§ **Description of the task**
Find the line that holds "Utah Jazz forward" in the material below. Output that line and each one after it exactly, but not the pictures.

───── Data ─────

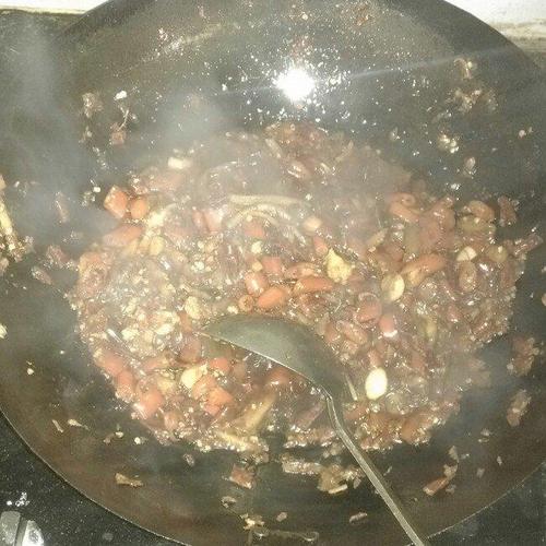 步骤3、精彩时刻来了,先热锅把锅烧烫加一勺油渍一下锅然后倒出再往锅里倒入菜籽油加入适量化猪油(这样才不会在炒料的时候出现粘锅的问题),油温控制住不要太高,这时加入豆瓣酱小火炒下放入香辣酱、干辣椒段、花椒、八角、三萘等大料,中低温慢慢炒,油温一定控制好不行的童鞋们就关掉火,不够温又再开火千万不能糊(这是整个做菜过程最享受的时刻了,味道好不好关键还得看底料炒得怎么样),直到感觉锅里的酱料都快没剩多少水分的时候放入大葱段、泡姜、泡椒、泡菜,中火翻炒!
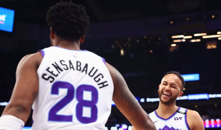 Utah Jazz forward Kyle Anderson (2) smiles as he high fives forward Brice Sensabaugh (28) during the second half of an NBA game against the LA Clippersat the Delta Center in Salt Lake City on Tuesday, Jan. 27, 2026. | Rio Giancarlo, Deseret News
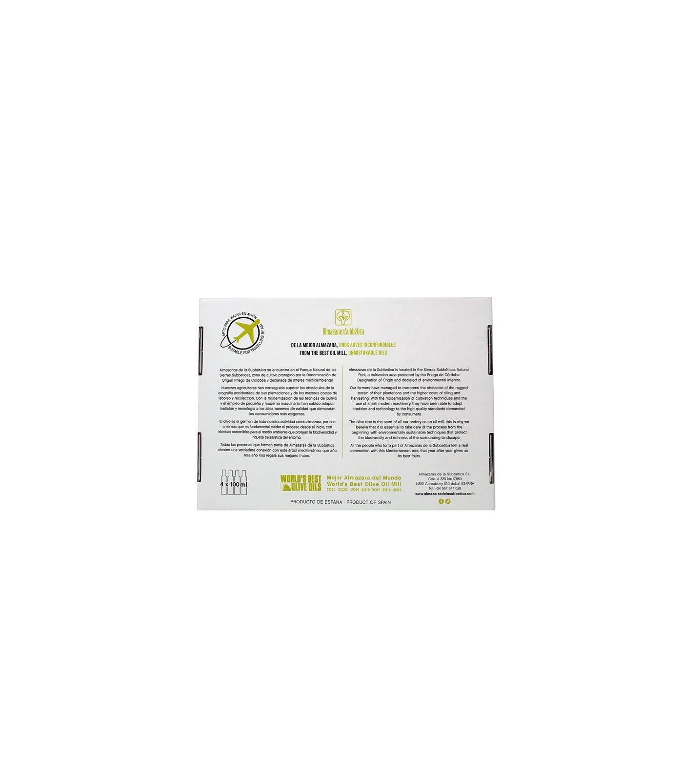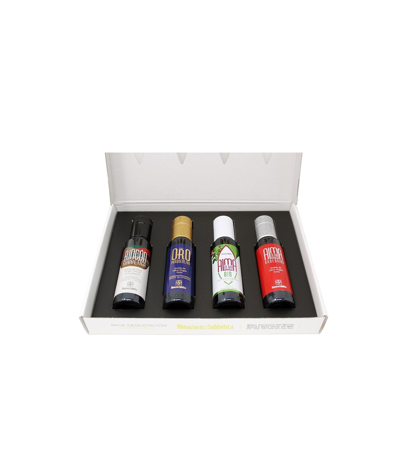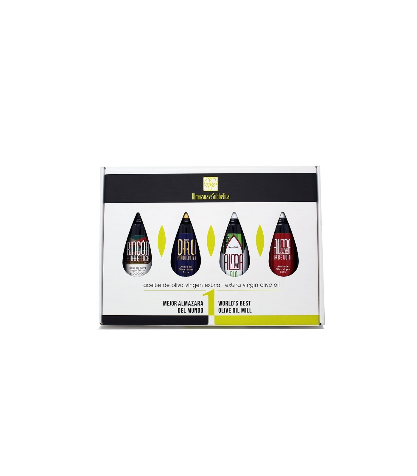 Pack de dégustation composé de 4 bouteilles de 100 ml. d'huile d'olive vierge extra de Almazaras de la Subbética, produite à Carcabuey (Córdoba).
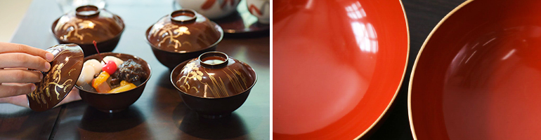 先述した木製食器の塗装の一種でもある漆塗。強力な塗膜で保護されていますが、こちらも直射日光や長時間の浸け置きは避けてください。

─────

§ **Solution below**
 Utah Jazz forward Kyle Anderson (2) smiles as he high fives forward Brice Sensabaugh (28) during the second half of an NBA game against the LA Clippersat the Delta Center in Salt Lake City on Tuesday, Jan. 27, 2026. | Rio Giancarlo, Deseret News
 Pack de dégustation composé de 4 bouteilles de 100 ml. d'huile d'olive vierge extra de Almazaras de la Subbética, produite à Carcabuey (Córdoba).
 先述した木製食器の塗装の一種でもある漆塗。強力な塗膜で保護されていますが、こちらも直射日光や長時間の浸け置きは避けてください。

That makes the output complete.